Many Black business owners in Washtenaw County expressed similar frustrations with accessing financial relief due to bureaucratic and systemic obstacles. In the fall, a group of local business owners created the Association of Businesses of Color to provide aid to businesses run by people of color.
Melvin Parson, the executive director of We the People Opportunity Farm, a nonprofit farm based in Ypsilanti that mainly employs formerly incarcerated individuals, said there are a lot of bureaucratic obstacles that grassroots organizations and nonprofits face when trying to receive grants.
“The more you can cut out the bureaucracy, the better off things will be in terms of money getting to organizations that have the potential to really make an impact,” Parson said. “And (money won’t) just make it into the hands of the few organizations that are able to dot their i’s and cross their t’s.”
Brian Jones-Chance, co-founder of the 734 Brewing Company in Ypsilanti and one of the founders of the ABC, said while he applied for and received Paycheck Protection Program loans as part of the CARES act, he has seen firsthand how many Black-owned businesses struggle to access financial aid. Like Kabo said, the lack of relationships between Black business owners and financial institutions deters some businesses from even applying for aid, Jones-Chance said.

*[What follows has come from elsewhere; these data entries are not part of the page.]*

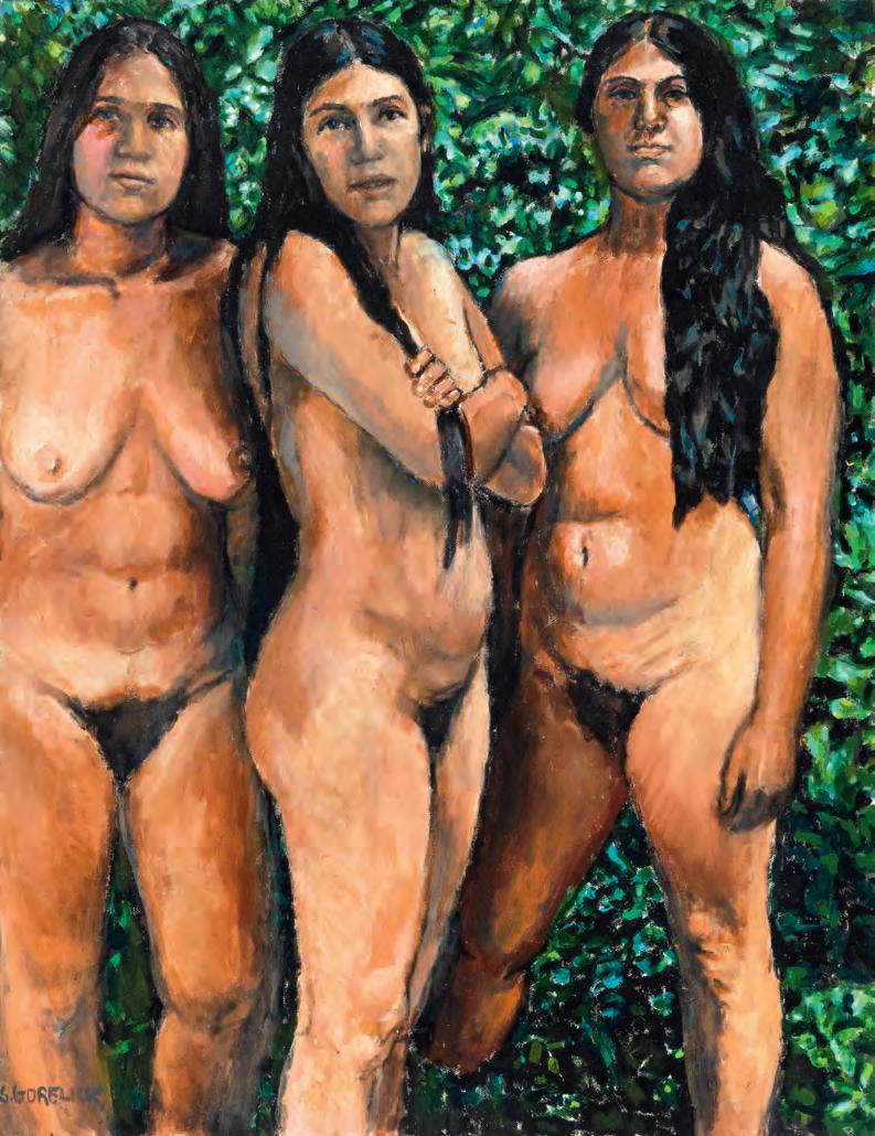 Shirley Gorelick, Three Sisters II (Westchester Gauguin), 1974–76, acrylic on canvas, 90 × 80 inches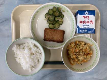 牛乳、ご飯、碧南どんぶり、野菜はんぺん、やみつききゅうり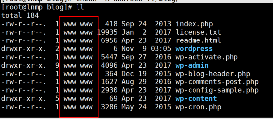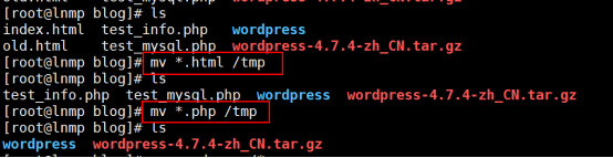 [root@lnmp blog]# /bin/mv wordpress-4.7.4-zh_CN.tar.gz /root/ #移走源程序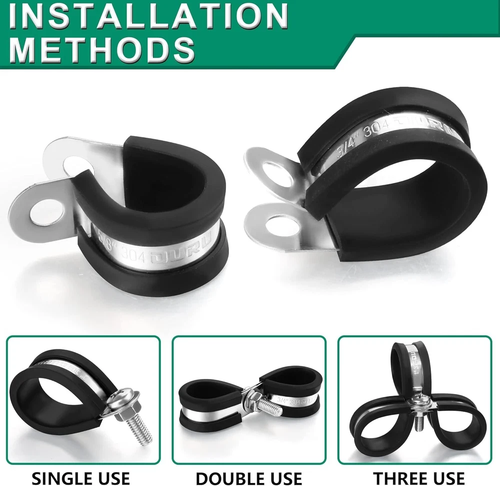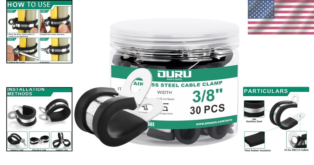 30pcs 3/8 Inch Stainless Steel Insulated Cable Clamps - Durable & Secure Setup ‹ › ‹ › ‹ › ‹ › ‹ › ‹ › ‹ › ‹ › 30pcs 3/8 Inch Stainless Steel Insulated Cable Clamps Durable & Secure Setup Product Details: Includes: 30pcs of P-Clamps Fits for screw bolts up to 6M (1/4 inch) for secure installation Made of 304 high-quality stainless steel with rubber-coated cushioning for enhanced durability Features: Exceptional resistance to abrasion, moisture, rust, cold, and heat—ideal for harsh environments. Strong construction ensures the clamps will not rust or break. Rubber insulation protects wires and pipes from damage caused by shocks or vibrations. Easy to install with a unique R-shaped design for flexible control. Comes in a handy storage box for easy carrying and organization. Why Choose Our Insulated Cable Clamps? This 30pcs Stainless Steel Insulated Cable Clamps Kit is designed for both indoor and outdoor applications, making it the ultimate choice for demanding environments. With a robust build that withstands wear and tear, these clamps ensure secure wire management and line repair wherever you need them. Whether you're working in automotive, industry, marine settings, or engaging in DIY home decoration projects, these clamps offer unparalleled performance and reliability. Choose peace of mind and effectiveness with insulation that safeguards your installations and maintains integrity. Make the smart choice for your wiring and piping solutions - invest in our Stainless Steel Clamps today! Shipping Free & Fast Shipping - We offer free shipping to most of the USA with a normal delivery time of 3-7 days. However, due to the current situation, additional delivery time (up to 3 weeks) may be required for some items. Alternative Carriers - We may use alternative carriers (e.g. USPS, FedEx, UPS, etc.) to ensure your package arrives safely and on time. Due to the use of multiple carriers, we are unable to provide a tracking number automatically. Handling Time - Orders are processed and shipped within 1-2 business days of receiving cleared payment. Shipping Restrictions - Shipping to Alaska, Hawaii, Puerto Rico, Guam, and other US territories may incur shipping charges or delivery restrictions. Please contact us before ordering, or your order can be refunded/cancelled. State Restrictions - There may be restrictions based on your state of purchase. For example, certain items may not be shipped to California due to state regulations. Contact for Tracking Updates - If you require tracking updates or have any concerns about the delivery of your order, please feel free to contact us, and we will be happy to assist you. Return 30-Day Hassle-Free Returns - We want you to be completely satisfied with your purchase. If you are not, you can return the item within 30 days of receiving it for a full refund or exchange. Easy Return Process - To start a return, simply contact us and we will provide you with a prepaid return shipping label and detailed instructions. Restocking Fee - There are no restocking fees for returns. However, the buyer is responsible for return shipping costs if the return is not due to a seller's error. Refund Processing Time - Refunds will be processed within 5 business days of receiving the returned item in its condition. Payment We accept all major credit cards, PayPal, and Apple Pay for your convenience. Your payment information is secure and encrypted to ensure a safe and seamless transaction. Please complete your payment within 3 days of purchase to avoid any delays in shipping. Feedback Your feedback is extremely important to us. We strive to provide the best products and customer service possible. If you are satisfied with your purchase, please take a moment to leave us a positive review. If you have any concerns or issues with your order, please contact us before leaving negative feedback. We are committed to resolving any problems and ensuring your satisfaction. Contact Us If you have any questions or concerns, please feel free to out to our customer support team. You can contact us through the eBay messaging system. We are available Monday to Friday, 9:00 am to 5:00 pm EST, and we will do our best to respond to your inquiry within 24 hours. Buy it now and enjoy a pleasant shopping experience! Model: Stainless Steel Cable Clamps Unit Quantity: 30 pcs Material: Rubber,Stainless Steel,304 Stainless Steel Rail Height: Stainless Steel Cable Clamps Item Length: 8 in Item Diameter: 3/8 in End Type: Closed Type: Cable Clamps Grade: Not Specified Screw Size: 1/4 in Shape: Round System of Measurement: Inch Number in Pack: 30 Unit Type: oz

“We are finding that one of these issues is not having those banking relationships,” Jones-Chance said. “You just go and you deposit your money, you maybe run your payroll through there, but there’s no actual personal relationship.”
Other local Black business owners said they chose not to apply for coronavirus aid because they weren’t sure exactly what it entailed. Robyn McCoy, a partner at McCoy and Associates, a law firm in downtown Ann Arbor that specializes in estate and trust law, chose not to apply for the PPP because she found it unclear whether or not the program functioned as a loan or a grant.

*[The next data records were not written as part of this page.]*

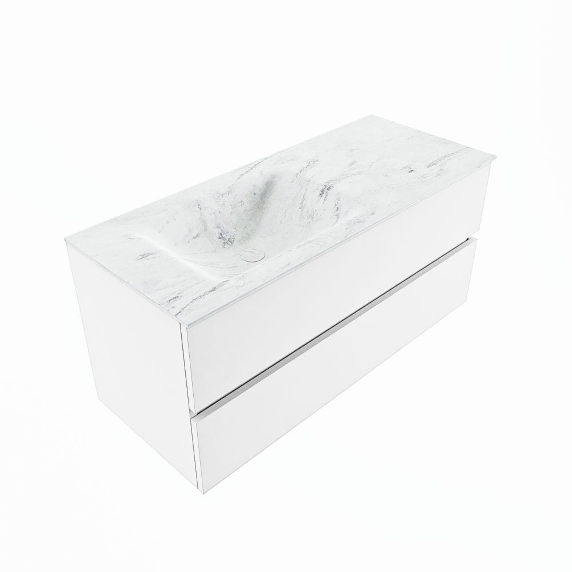 MONDIAZ VICA-DLUX Ensemble meuble de salle de bains - 110cm - meuble bas talc - 2 tiroirs - vasque encastrée cloud gauche - 1 trou de robinet - version haute 60cm - opalo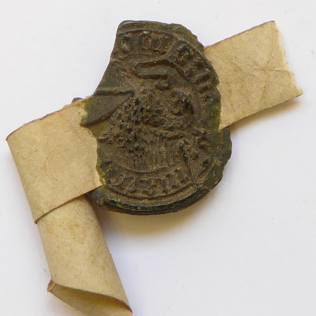 Bruin zegel met adelaar houdend een wapen
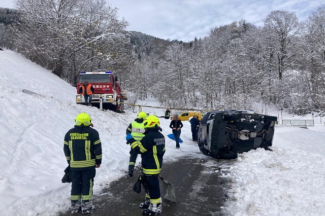 Cumartesi günü Silbertal’da meydana gelen trafik kazasında bir araç kontrolden çıkarak takla attı. Araçta bulunan iki kişi, şans eseri kazadan yara almadan kurtuldu.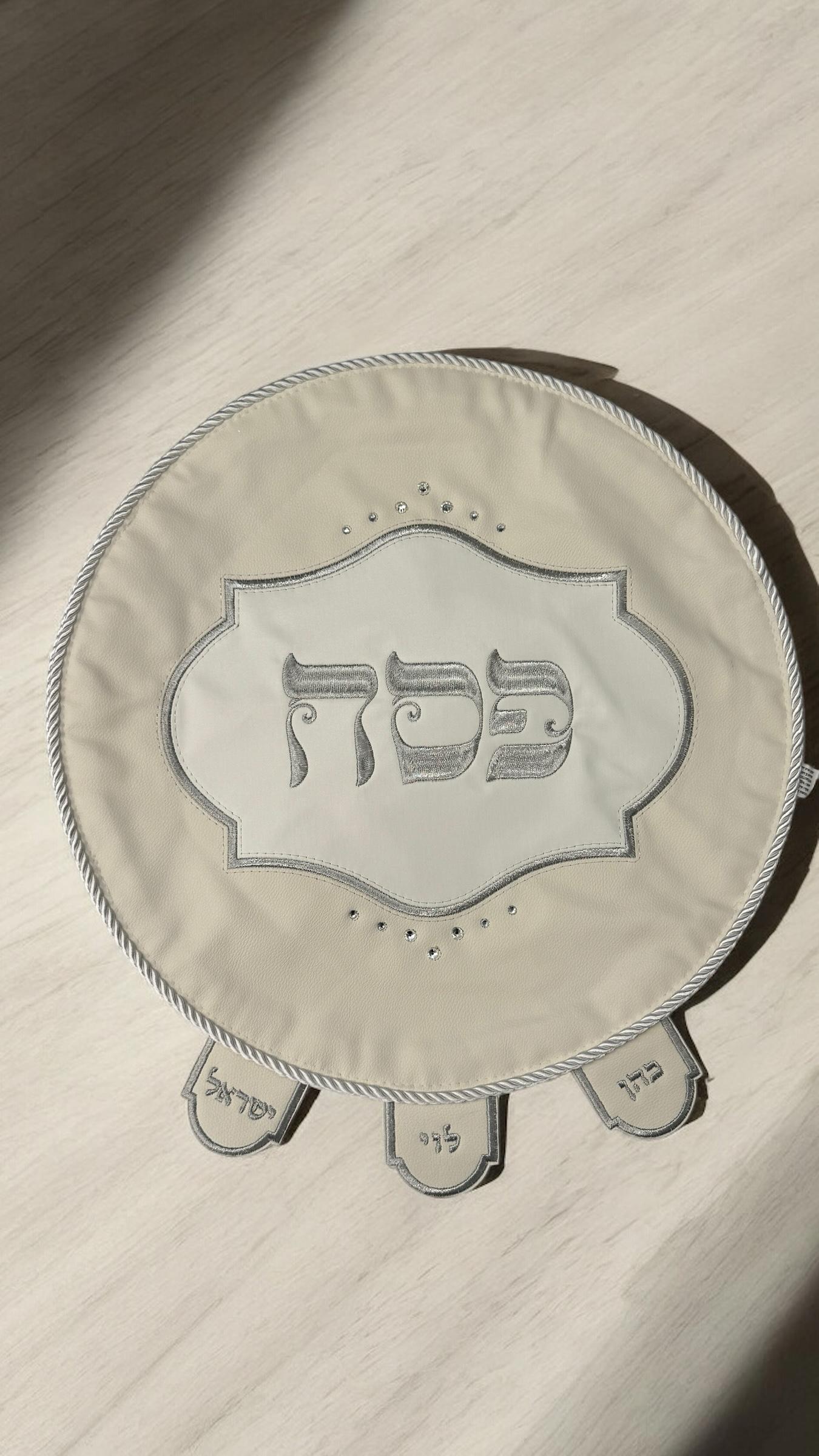 כיסוי פסח מהודר דמוי עור עם רקמה בגוון כסוף עדין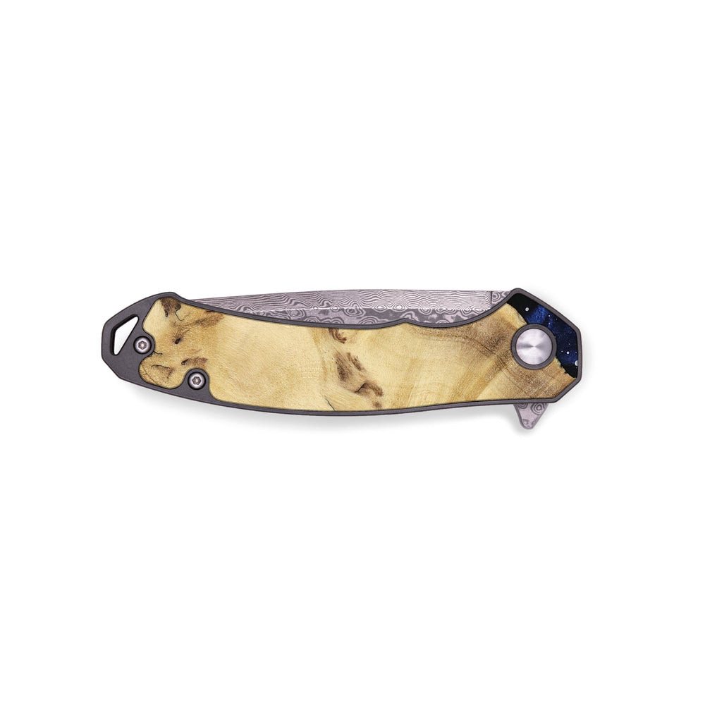 Experience the perfect blend of form and function with our durable folding pocket knife, featuring a lightweight titanium handle. The Damascus stainless steel blade is complemented by a unique wood burl and resin inlay. Imported blade and handle.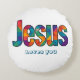 Pillow Beautiful colorful geometric design of the name of "Jesus" loves you (personalize message or scripture or name). Great gift for Christians who love the Lord and are proud to be His. This throw pillow is fun to give for religious celebrations, events and parties such as baptisms and summer BBQ's.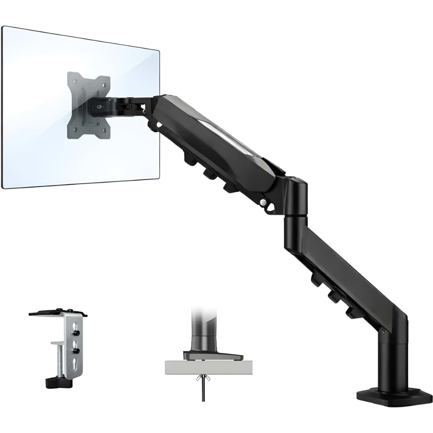 Sıkıştırma (C-Clamp) Yöntemi: Masanızın kenarına mandal gibi sıkıştırılarak monte edilir. Herhangi bir delme işlemi gerektirmez ve masaya zarar vermez. Kalınlığı 10 mm ile 90 mm arasında olan masalar için idealdir.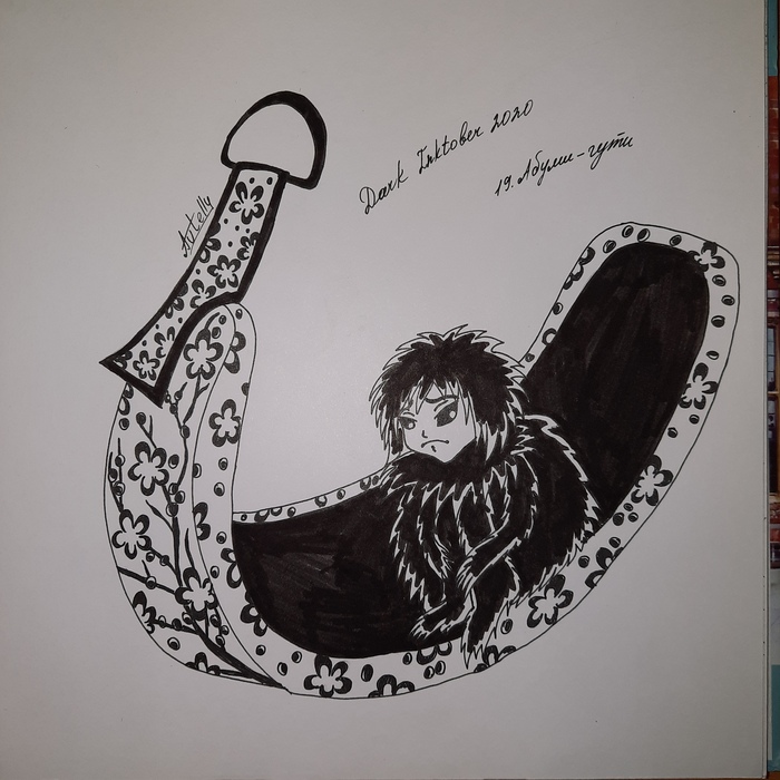 Первый был нарисован в начале апреля. Точнее скетч был готов еще в марте, но к 10 апреля я его добила. Лора у персонажа нет, возможно пока что. Просто демон. Использовался простой карандаш и черный линер 0,2.

The PPP provided loans to small businesses during the COVID-19 pandemic, though it was initially unclear whether it would be classified as a grant or loan when filing taxes. The CARES Act, which the PPP is part of, also includes programs for small businesses grants, such as advance payments for the Economic Injury Disaster Loan program.
In an email to The Daily, McCoy called for greater education on the state, local, and national levels to increase transparency in the aid process.

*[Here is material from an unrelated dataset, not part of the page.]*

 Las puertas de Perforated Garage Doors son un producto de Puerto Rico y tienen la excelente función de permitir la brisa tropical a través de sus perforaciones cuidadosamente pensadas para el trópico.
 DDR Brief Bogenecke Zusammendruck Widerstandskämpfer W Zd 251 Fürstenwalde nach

“There were concerns because it was set up as a loan and I’m not eager to incur any more debt,” McCoy wrote. “I wouldn’t rule out possibly applying for something in the future, I would just want it to be clear — that if it’s a grant then it says it’s a grant.”
Janice Johnson, the owner of Clothes Mentor Ann Arbor, said the responsibility of providing aid to small businesses should be shared by local, state and national governments. She said there were local grant opportunities that could have prevented her from having to use personal savings to pay her bills that were not well marketed.
“There were other grants available that I missed out on that have since expired,” Johnson said. “So even if Ann Arbor did handle it directly, how would they spread the news that these (grants) were available?”
Kabo proposed several solutions to the disparities between white and Black business owners' access to aid. He said local governments in Pittsburgh and Cincinnati have begun initiatives to provide critical funding for debt financing, such as using government agencies to provide information to businesses owned by people of color. These strategies can be adopted in Ann Arbor and by other local governments across the country, Kabo said.
Music, Theatre & Dance freshman Maya Boyd, whose father owns Boyd Beauty in downtown Ann Arbor, said it was more important to support local Black-owned businesses rather than large-scale corporations. She encouraged U-M students to explore Black-owned businesses outside of campus and around Ann Arbor.
“I think that students have a lot of knowledge on how to spread information and support people,” Boyd said. “(They can help) just by going and exploring other businesses that aren’t the classic white-owned businesses and corporations.”